Le groupe de héros se rassembla à côté du braséro doré qui brûlait dans la salle du gisant. Il découvrirent rapidement la présence de la lettre D, gravée dans le métal.
« Divination est au centre, marmonna Ginger.
- Pardon ? demanda Aldéir, qui pensait que la barde venait de lui parler.
- Non je disais, divination est au centre. C'est ce qui était écrit sur le parchemin. Si nous avons raison et que la lettre D correspond à divination, alors ce brasero est censé être au centre …
- Et donc il y a surement d'autre pièces dissimulés derrière les murs, compléta l'elfe.
- Je peux casser les murs avec ma hache si vous voulez, proposa Gurda avec un grand sourire.
- Je pense que ce ne sera pas nécessaire, répondit Ginger. Magnus a certainement pensé à cela lorsqu'il a fait construire le mausolée.
- Ça a pas été construit ça, corrigea Gurda. C'est de la magie qui a fait ça, parole de nain !
- Alors il doit y avoir des passages secrets, conclut Pater. Nous devrions fouiller la pièce. »
Ils se mirent donc à inspecter les moindres recoins. Aldéir observa le gisant et essaya de déplacer la plaque de pierre. Celle-ci ne bougea pas d'un pouce, même avec l'aide d'Akan. En examinant de plus près le cercueil de pierre, Aldéir y découvrit une inscription étrange :
« Ce cadet devint devin en vain et céda. »
Ne trouvant pas de mécanismes particuliers au niveau du gisant, les deux rôdeurs décidèrent d'inspecter les murs.
« Venez voir ! cria Ginger. Les bougeoires au murs ! Je pense que ce sont des leviers. »
La barde se trouvait à proximité de l'entrée de la salle. Tous se rassemblèrent à côté d'elle et observèrent les morceau de fer que leur montrait Ginger. Il y en avait quatre au total, deux sur le mur inférieur, de chaque côté du couloir par lequel ils étaient entrés, et deux autres sur les murs gauche et droite. La naine s'approcha du bougeoir le plus à gauche et tira dessus, comme sur un levier. Celui-ci pivota sans la moindre résistance et un crissement se fit entendre derrière le mur.

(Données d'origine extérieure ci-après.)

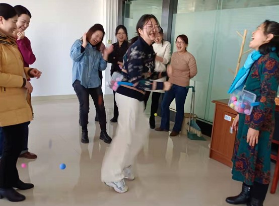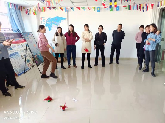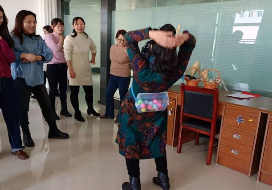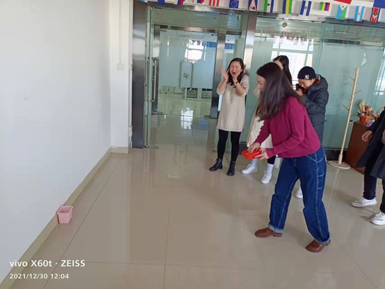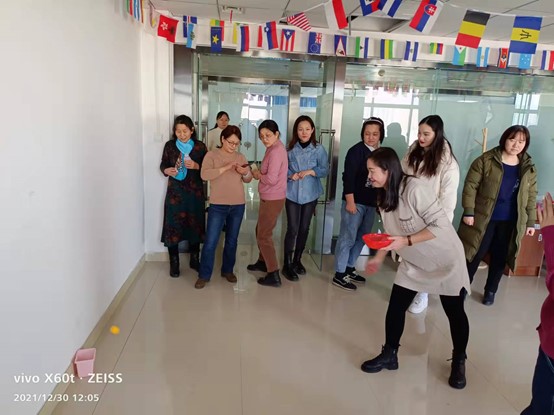 为了丰富我院教职工的业余生活,加强教职工思想感情交流,经院工会精心策划,2021年12月30日上午11:00,“外国语学院元旦迎新春”教职工游园活动在创新楼1002室如期举行。我系全体教职工积极踊跃地参加了本次游园活动。本次活动是集体项目,共有三个游戏,分别是“踢毽子”、“投球”和“乒乓球摇摇摇”,三个教研室分别派出代表,进行三项比赛,累计得分高的代表队胜出。在活动中大家积极参与,通力合作,努力拼搏,取得了不菲的成绩。带着这份喜悦与收获,全体教职工在喜庆、热闹的气氛中度过了愉快的时光。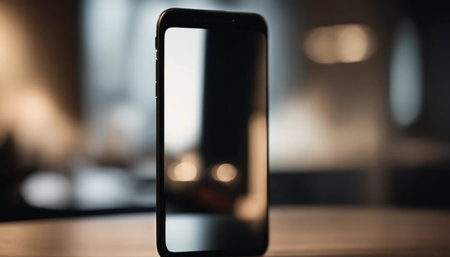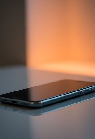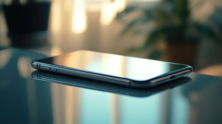 Smooth shiny surface of a new smartphone on a sleek modern desk, reflecting soft light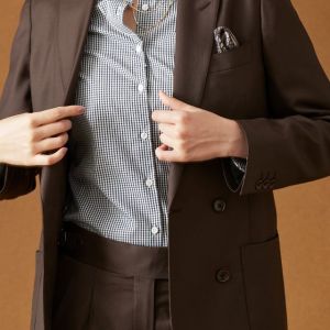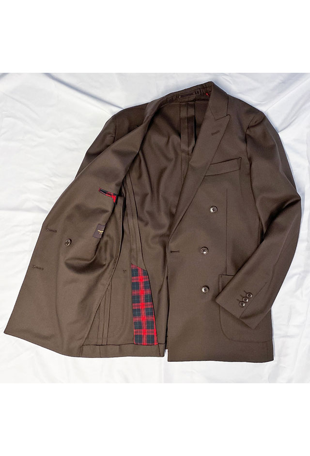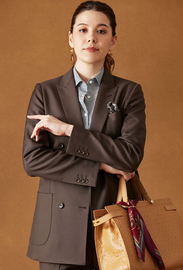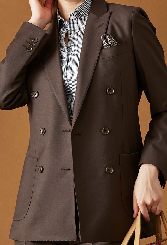 高品質でコストパフォーマンスに優れたイタリアブランド「カノニコ」で仕立てたスーツです。落ち着き感がありつつも個性を主張できるブラウンカラーのスタイルで、オールシーズン着用していただけます。空気を纏うような着心地を楽しむアンコンモデル(ダブル)でジャケットを仕立てました。パンツの裾がダブル(折り返し)になっていることで、足元にさりげないアクセントを加えて、チェック柄のシャツを合わせることで、遊び心と個性をプラスしました。※こちらはメンズのモデルでお仕立てしたスーツになります。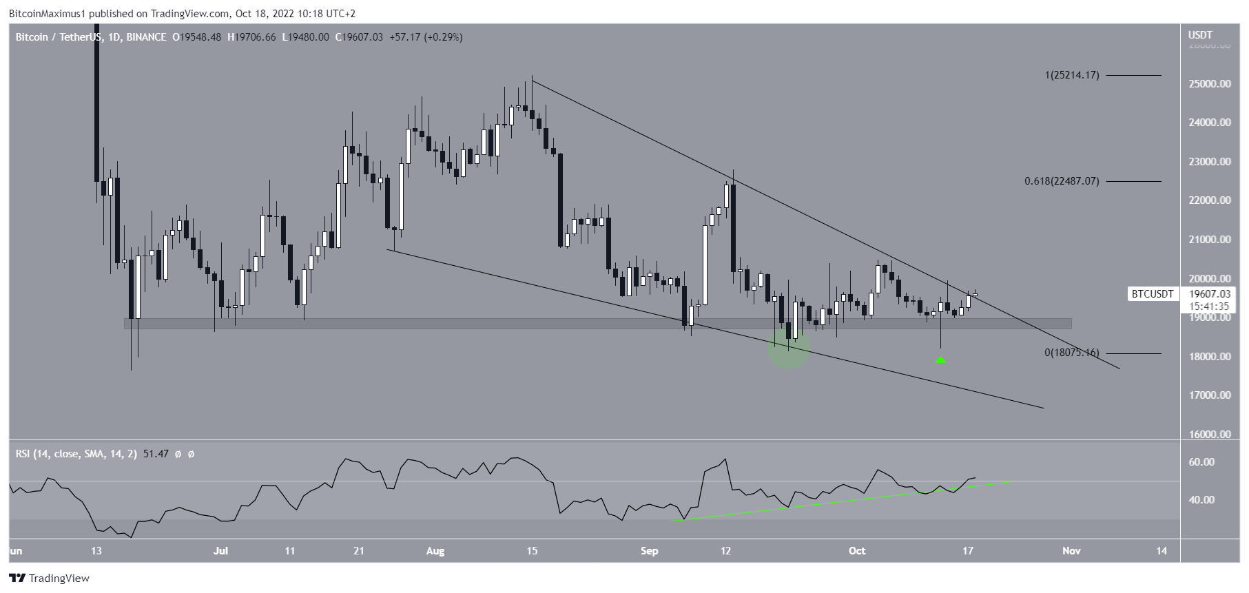 Moreover, the price of Bitcoin created a bullish hammer candlestick on Oct. 13 (green icon), further supporting the possibility of a breakout.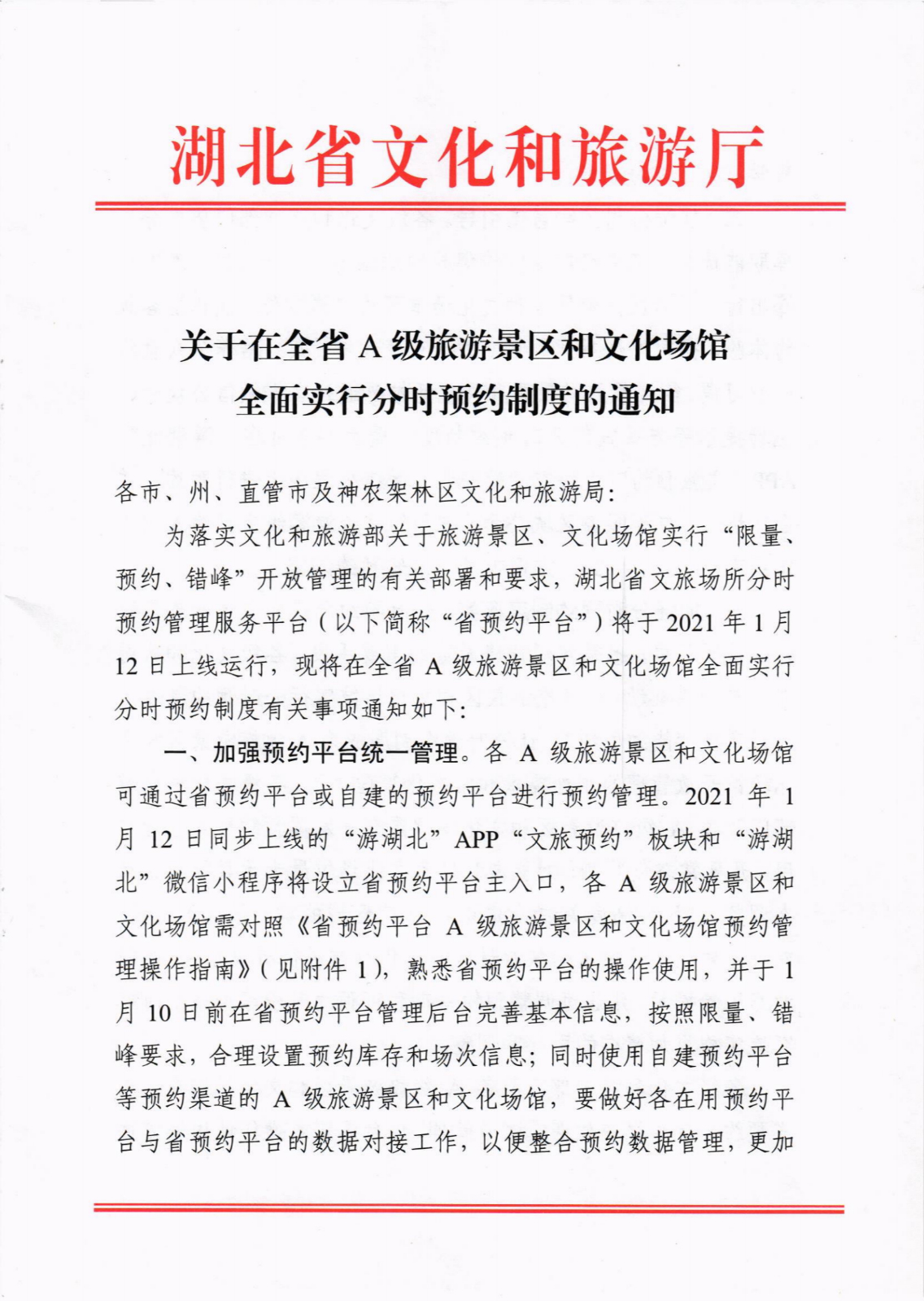 湖北各A级旅游景区和文化场馆可通过湖北省预约平台或自建的预约平台进行预约管理。湖北省文旅场所分时预约管理服务平台将于1月12日上线运行。广大游客可以通过“游湖北”客户端或“游湖北”微信小程序,访问预约平台进行分时预约。各A级旅游景区和文化场馆按照限量、错峰要求,合理设置预约库存和场次信息,更加科学有效地实施客流监管。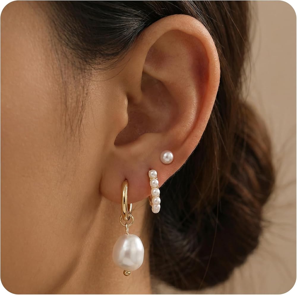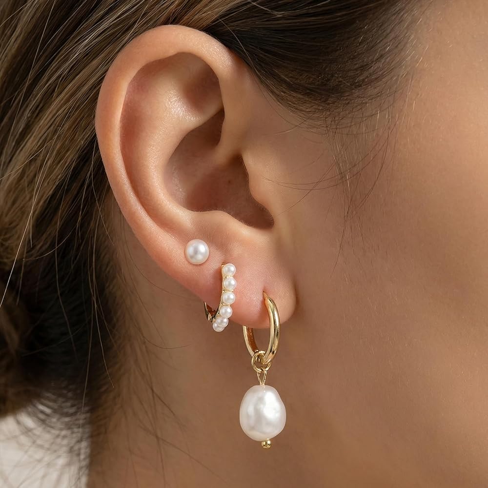 Product list: 3Pcs Gold Pearl Earrings

« Allons voir dans la pièce de gauche, peut-être qu'un passage s'y est ouvert » proposa Aldéir. Tous le suivirent et furent ravi de voir qu'une nouvelle pièce venait d'apparaître dans le mur sur leur gauche. Aldéir y entra, suivi de Gurda et d'Akan. La pièce était plus petite et était dénué de tout mobilier, à l'exception d'un autre braséro noir qui s'enflamma lorsqu'Aldéir posa un pied dans la salle. Les yeux de l'elfe se voilèrent et virèrent au noir tandis qu'une couronne entortillé de morceau de fer se matérialisait sur sa tête. Il posa ses yeux vide sur Gurda en lui imposant sa marque de chasseur avant de dégainer ses armes et de porter un premier coup à la naine qui, surprise, fut méchamment touché au flanc droit. Il rectifia ensuite sa position pour faire face à Gurda et Akan et fit de nouveau parler ses lames. Akan parvint à esquiver le coup mais la Gurda, quant à elle, épuisé par sa récente rage, ne put réagir à temps. L'épée du rôdeur elfe lui transperça l'abdomen, lui provoquant une douleur atroce qui lui fit perdre conscience. Ginger se rua près de celle-ci, gardant ses distances avec Aldéir et commença à incanter un sort de soin. Lorsque Gurda ouvrit les yeux, quelques instants plus tard, la barde avait déjà commencé à soigner Akan qui faisait toujours face à Aldéir en tentant de le raisonner. Le drakéide se concentre et en appela aux pouvoirs de la nature, qu'il canalisa dans son gladius. Il porta un violent coup d'estoc à l'elfe, lui infligeant une vilaine blessure dont jaillit une masse de liane noire qui vint s'entortiller autour des jambes d'Aldéir, l'empêchant de se déplacer.
Gurda se remit sur ses jambes en balançant son marteau maladroitement, sans parvenir à toucher l'agile rôdeur. Pater avait une fois de plus sorti un bâtonnet de fer et lança son sort de paralysie sur Aldéir. Celui-ci s'immobilisa soudainement, son bras armé pour frapper.
Akan relâcha sa concentration et les lianes noirs disparurent du corps de l'elfe. Tous sortirent de la pièce. Peu de temps après, Aldéir parvint à reprendre le contrôle de son corps et se rua à son tour en dehors de la salle. La couronne de fer avait disparu et ses yeux avaient retrouvés leur aspect naturel.
« Je suis désolé, s'excusa-t-il. J'ai tenté de résister mais je n'étais pas assez fort. Le temps que j'arrive à briser l'emprise du sort, je vous avais déjà attaqué.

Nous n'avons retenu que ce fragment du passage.